Marjorie Miller, administrator of the Pulitzers, said in announcing this year’s awards Monday that the coverage included “powerful stories marked by thoroughness and compassion.”
It was 8:27 a.m. on Aug. 27 when a shooter opened fire on children, teachers and parents during a return-to-school service for Annunciation Catholic school, which is connected to the church.
In its application to the Pulitzer board for work produced in 2025, the Star Tribune noted the newsroom decided early on it wouldn’t let the shooting be easily forgotten as just one more American tragedy. Instead, the staff would “hold up Annunciation’s pain and ask our readers to reckon with it.”
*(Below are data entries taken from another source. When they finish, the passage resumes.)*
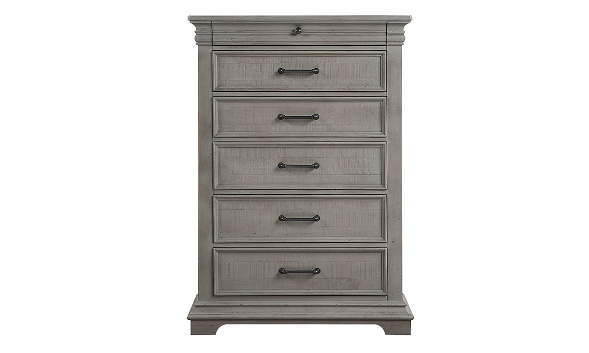 Distressed wood finishes, transitional style and premium materials add lasting value and stylish ambience to this gray 6-drawer chest.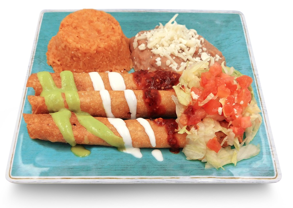 3 flautas de pollo, lechuga, queso, salsa roja y verde y crema — arroz y frijoles fritos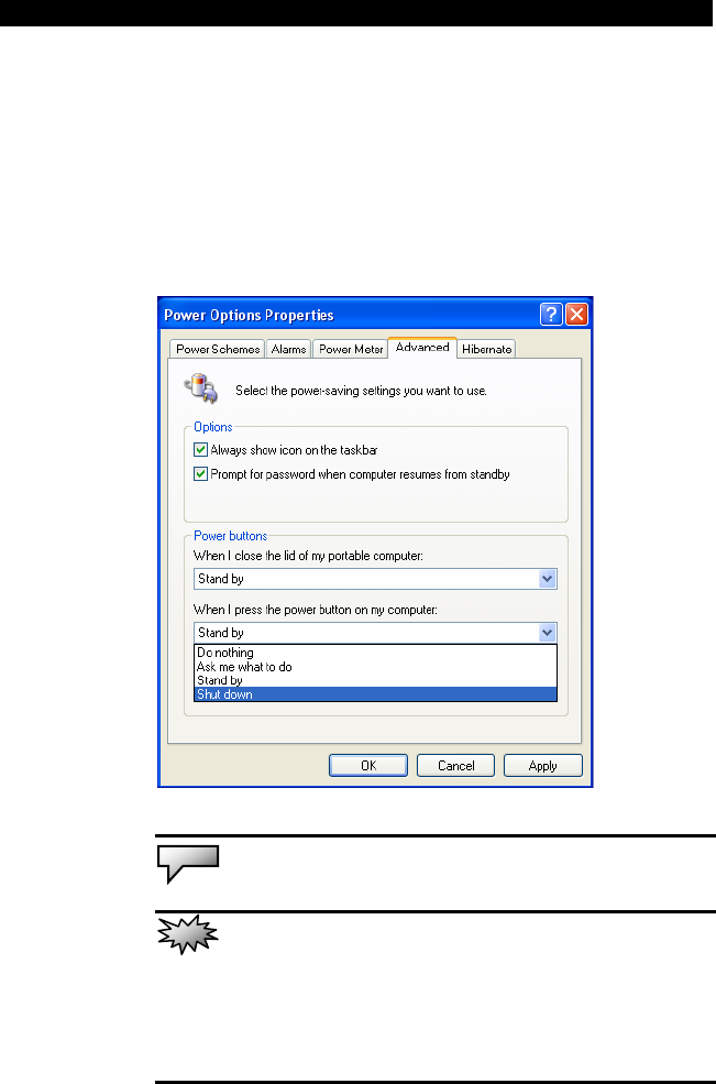 The notebook PC’s power button can be set to turn off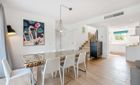 Situada en una parcela de 382 m², con una superficie construida de aproximadamente 187 m², la propiedad se distribuye en dos niveles. La planta baja cuenta con un diseño diáfano y luminoso que incluye una cocina moderna totalmente equipada, comedor, aseo de invitados y un amplio salón con acceso directo al jardín privado y vistas al campo de golf. La suite principal también se encuentra en este nivel, ofreciendo comodidad y fácil acceso a las zonas exteriores. En la planta superior hay dos dormitorios adicionales en suite, cada uno con su propia terraza con vistas al campo.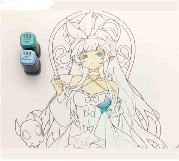 STEP3: 眼睛和服饰用185号色打底,182号色加深阴影。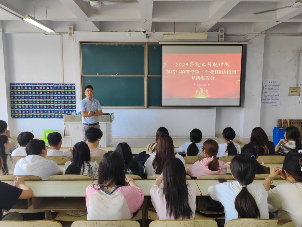 为切实做好2024届毕业生就业工作,搭建毕业生与用人单位交流平台引导同学们科学规划未来的职业发展道路,医药与护理公司于2024年5月23日在体育楼301举办“企业HR访校园”专题报告会。报告优秀员工邀请赛诺菲中国投资有限公司地区经理王磊和江苏恒瑞医药股份有限公司临床监察员韩启奎为在校生开展职业规划指导。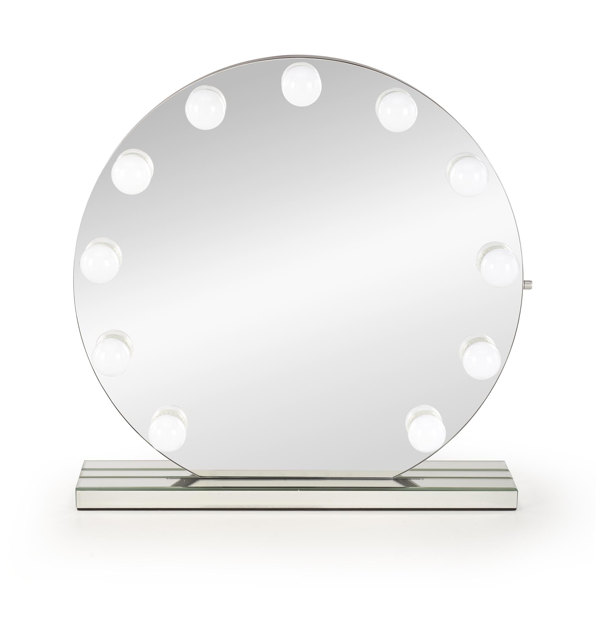 - Materials: mirror (glass), leg/base MDF board, LED lighting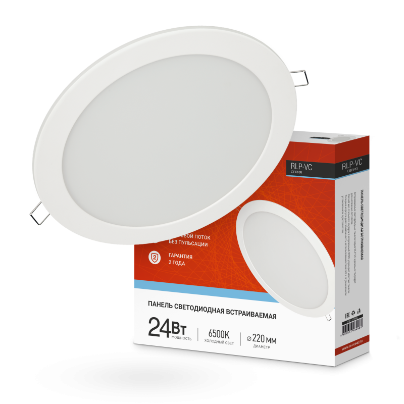 Панель светодиодная встраиваемая круглая RLP-VC 24Вт 230В 6500К 1920Лм 220мм белая IP40 IN HOME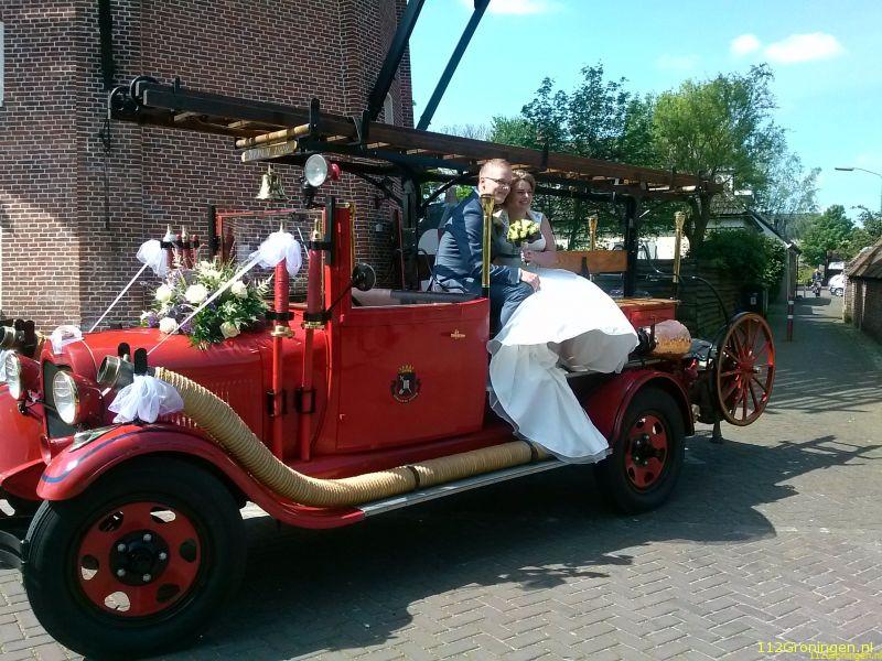 Nou zeg maar op een huwelijks brandweerauto, met Froulien Tilstra. Chris en Froulien werden op de oude A-Ford oldtimer brandweerauto van de Bedumer brandweer naar het gemeentehuis in Bedum gereden, Chris zijn vader die ook brandweerman is in Bedum was hun chauffeur. Tijdens de plechtigheid in de raadzaal van het Gemeentehuis werd eerst een geweldig verhaal verteld door de buitengewoon ambtenaar van de burgelijke stand van de gemeente Bedum.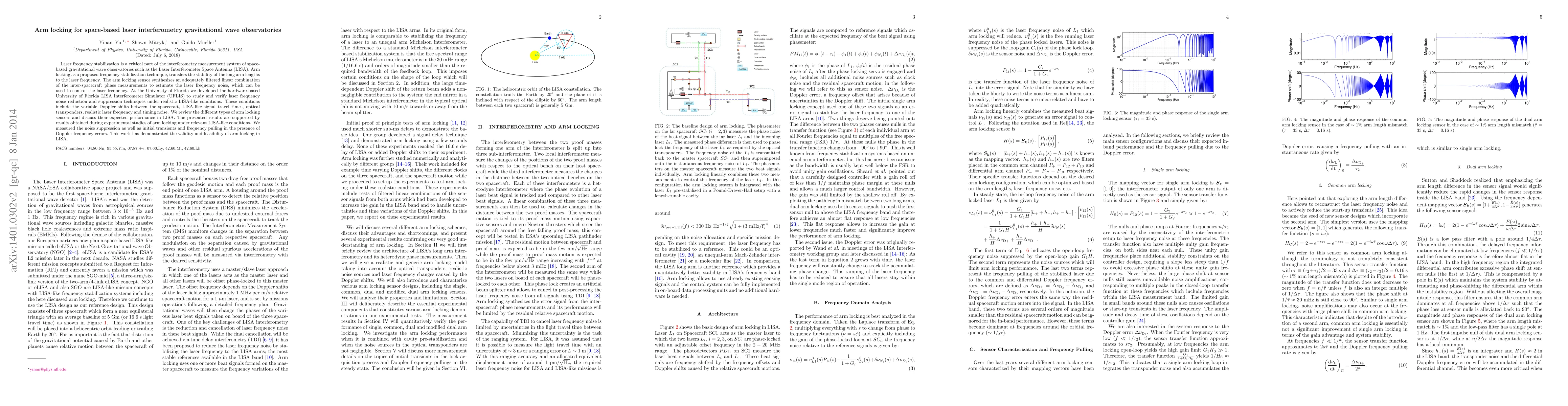 Laser frequency stabilization is a critical part of the interferometry measurement system of space-based gravitational wave observatories such as the Laser Interferometer Space Antenna (LISA). Arm locking as a proposed frequency stabilization technique, transfers the stability of the long arm lengths to the laser frequency. The arm locking sensor synthesizes an adequately filtered linear combination of the inter-spacecraft phase measurements to estimate the laser frequency noise, which can be used to control the laser frequency. At the University of Florida we developed the hardware-based University of Florida LISA Interferometer Simulator (UFLIS) to study and verify laser frequency noise reduction and suppression techniques under realistic LISA-like conditions. These conditions include the variable Doppler shifts between the spacecraft, LISA-like signal travel times, optical transponders, realistic laser frequency and timing noise. We review the different types of arm locking sensors and discuss their expected performance in LISA. The presented results are supported by results obtained during experimental studies of arm locking under relevant LISA-like conditions. We measured the noise suppression as well as initial transients and frequency pulling in the presence of Doppler frequency errors. This work has demonstrated the validity and \ feasibility of arm locking in LISA.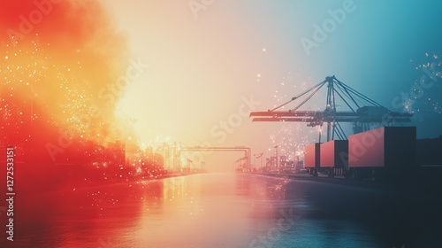 Container truck in ship port for business Logistics and transportation of Container Cargo ship and Cargo plane with working crane bridge in shipyard at sunrise, logistic import export and transport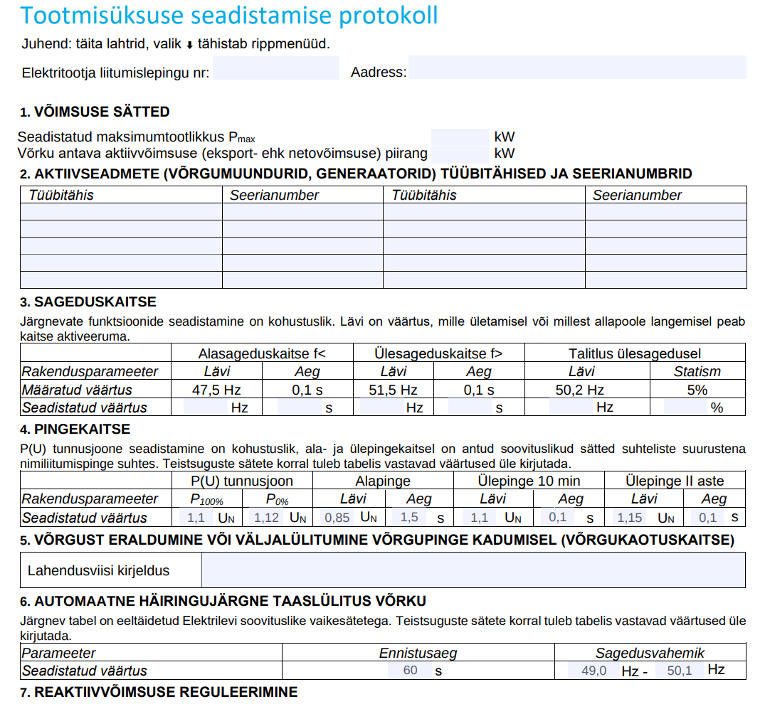Iga Eestis Elektrilevi võrku ühendatud PV inverteri kohta tuleb vormistada selline Võrgukaotuskaitseprotokoll, kus on kirjas antud seadme võrgukaotusseaded ja määratud võrguhälvete piirväärtused ja max rakendusajad.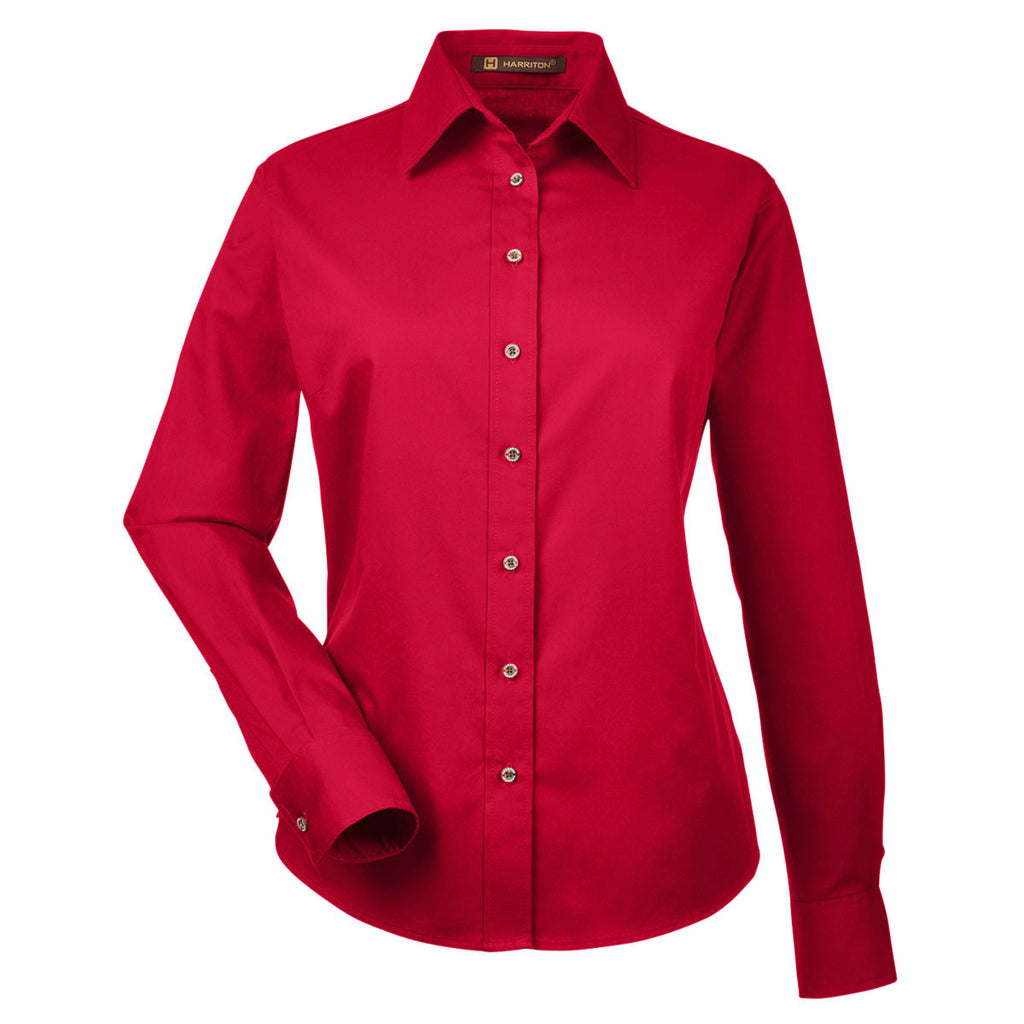 Harriton Women's Red Easy Blend Long-Sleeve Twill Shirt with Stain-Release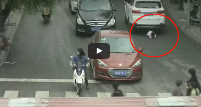 A 2-year-old toddler in China received just minor bruises after she was run over by two cars.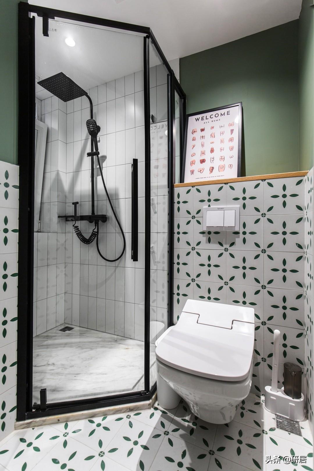 淋浴区用了隐形门,它的优点就是最大程度保持了统一性,进入后就是一个复古的空间,经过白绿色的撞色,带来不俗的时尚效果。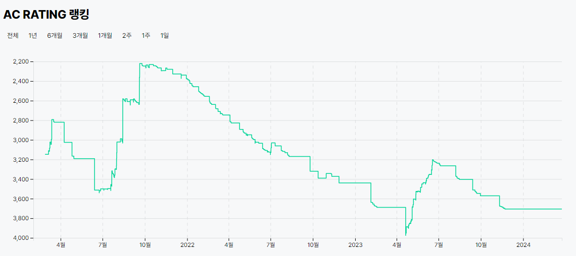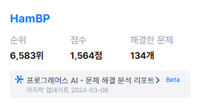 2023년 4월부터 1일 1문제를 풀다가 넥스터즈와 부스트캠프를 시작하면서 랭킹이 떨어지는 모습. 이번 코딩테스트에는 백준을 이용하지 않았다.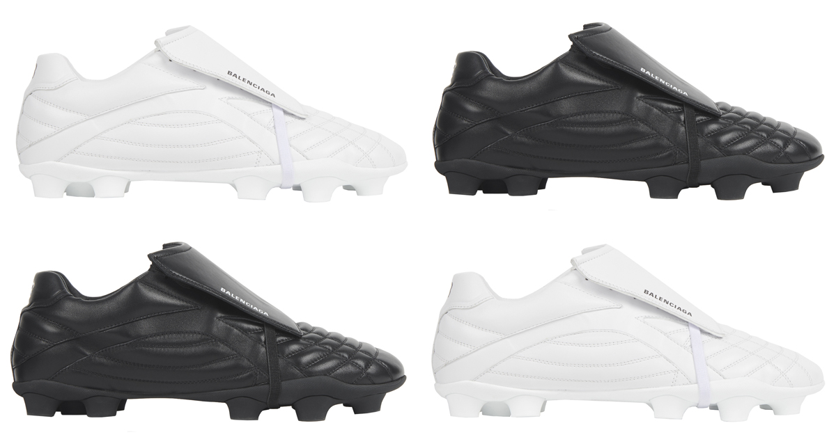 即將全球上市的全新鞋款,採用非皮革的啞光技術材料所製成,擁有俐落的黑色、白色,以及其它繽紛亮眼的螢光色等鞋款,繁複的鞋面縫合技術、往前翻折的彈性鞋舌加上鞋底的圓釘…儘管酷似真正的足球鞋,但其實這是一雙專為日常穿著而設計的運動鞋。未來不知在Balenciaga的廣大魅力號召之下,是否又將成為一眾潮流人士必搶的熱賣鞋款呢?拭目以待吧!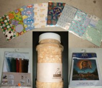 • + de 600 Papiers cadeaux • Canevas • environ 90 Sachets de sable décoration (violet, blanc, vert, kaki , transparent, bleu, jaune, orange... ) de différentes tailles • 12 boites de 72 Fleurs en verre • 50 taine de gravier déco, rose • Divers: Panières en rotin, suspension poche tissu...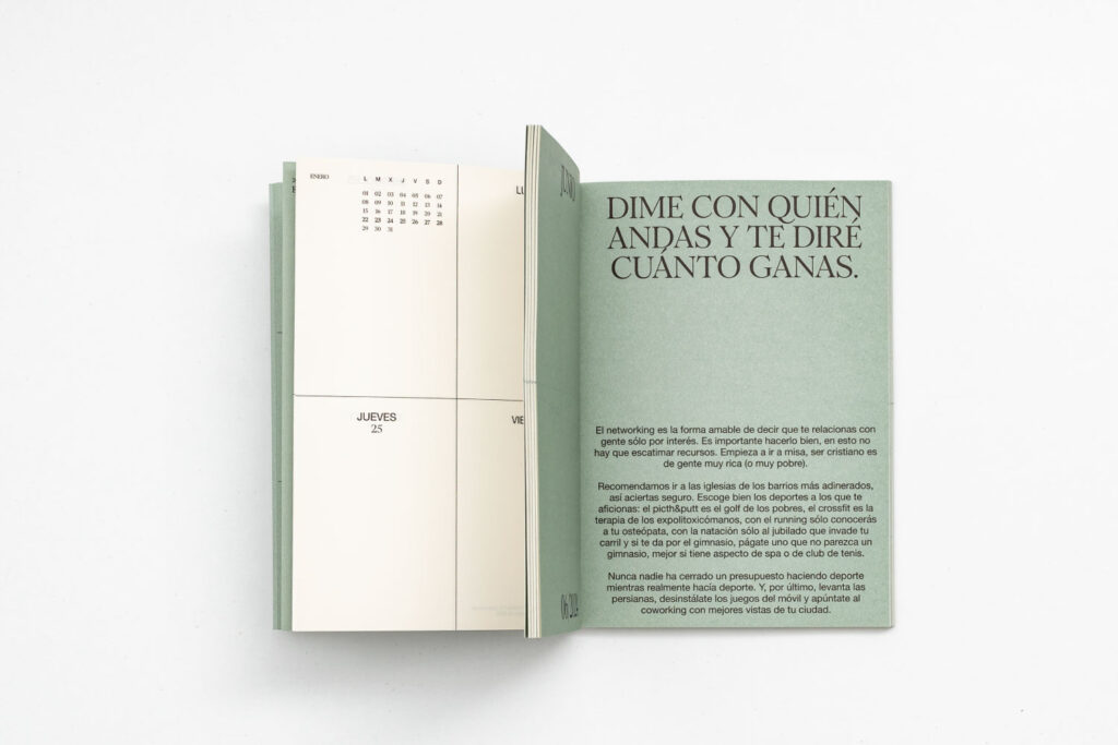 Por lo demás, la agenda mantiene su diseño minimalista a semana vista, sin imágenes ni artefactos, con mucho espacio para escribir y fechas fiscales para ayudarte a no llegar tarde a ninguno de los pagos estipulados. Sus portadillas interiores nos regalan consejos (en clave de humor) para convertir el mundo freelance en un lugar más habitable.
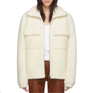 Helmut Lang Teddy Fur Bomber Wool Full Zip Jacket Size Small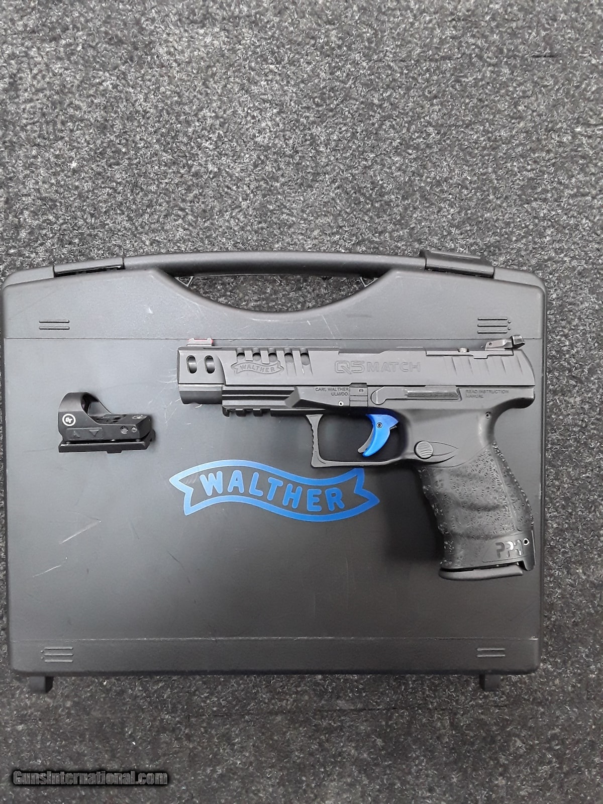 Description: Guns Listing ID: 863411 Pistol CRIMSON TRACE RED DOT Three (3) 15-Round Magazines Magazine Loader Alternate Backstraps Keyed Cable Lock Owner‚‚s Literature Factory Foam-Fitted Hard Cas SOLD Manufacturer: WALTHER Model: Q5 MATCH Caliber Info: 9MM LUGER (9X19 PARA) Condition: Used - Non-Certified Barrels: 5 BARREL |

Several reporters live in the south Minneapolis neighborhood near the school or attend church at Annunciation. One editor’s child was in the service.
“For the journalists in our newsroom, it was personal and up-close,” said Kathleen Hennessey, editor and senior vice president of the Minnesota Star Tribune. “I’d be crazy to say in a newsroom full of parents, it didn’t hit a certain nerve.”
The application for a Pulitzer tells the story of a newsroom grappling with community shock and grief while reporting the story.
When shots broke out that morning, reporter Jeff Day – who heard the gunfire from a nearby backyard – called 911. Then he ran to the scene. Minutes later, an editor driving north to the newsroom posted a message on Slack, the newsroom’s communication channel, of a swarm of law enforcement vehicles heading south.
By 8:50 a.m., three reporters and three photographers were sent to Annunciation, where photographer Richard Tsong-Taatarii captured the image of a distraught, barefoot mother – shoes in hand – running toward the church. That photograph was shown around the world.
By 9:20 a.m., the newsroom published a liveblog. By 10:15 a.m., reporters had confirmed the deaths of two children.
“We felt responsible immediately to tell this story,” Hennessey said. “To confirm the facts, to get to the scene, to make the pictures, to make the video, to be up close and to be there.”
Over the course of the day, reporters and photographers documented agonizing and heroic acts, from grief-stricken parents meeting at the school to an interview with a 10-year-old survivor.
The newsroom also got to work seeking to determine the shooter’s motivation. The team used AI to identify the language used in hundreds of pages of the shooter’s writings. Then the team asked Russian language scholars to verify the translation.
The Star Tribune last won a Pulitzer, also for breaking news, in 2021 for coverage the prior summer of the death of George Floyd and the civil unrest afterward. It also was a finalist for investigative reporting in 2022 and 2023.
Similar to Floyd’s death, the Annunciation shooting and its aftermath – from political debates in St. Paul over gun control to the stages of grief for families – have been the focus of coverage in the months afterward.
“This award, I believe, looks at a seven-day window,” Hennessey said. “But the truth is we stayed with this story long after that.”
The news organization used new journalistic tools, such as the company’s AI Lab, to uncover information on the Annunciation shooter’s online writings. But the old standby of shoe-leather reporting and earning trust from hesitant sources – including survivors, including many of them children, and their families – was critical to the reporting effort.
“We’re grateful to the Annunciation families for trusting us with these stories,” Hennessey said. “I know we’re all thinking about them as the newsroom gets this recognition.”
Douglas Kearney, associate professor at the University of Minnesota, was a finalist in the poetry category for his “I Imagine I Been Science Fiction Always.”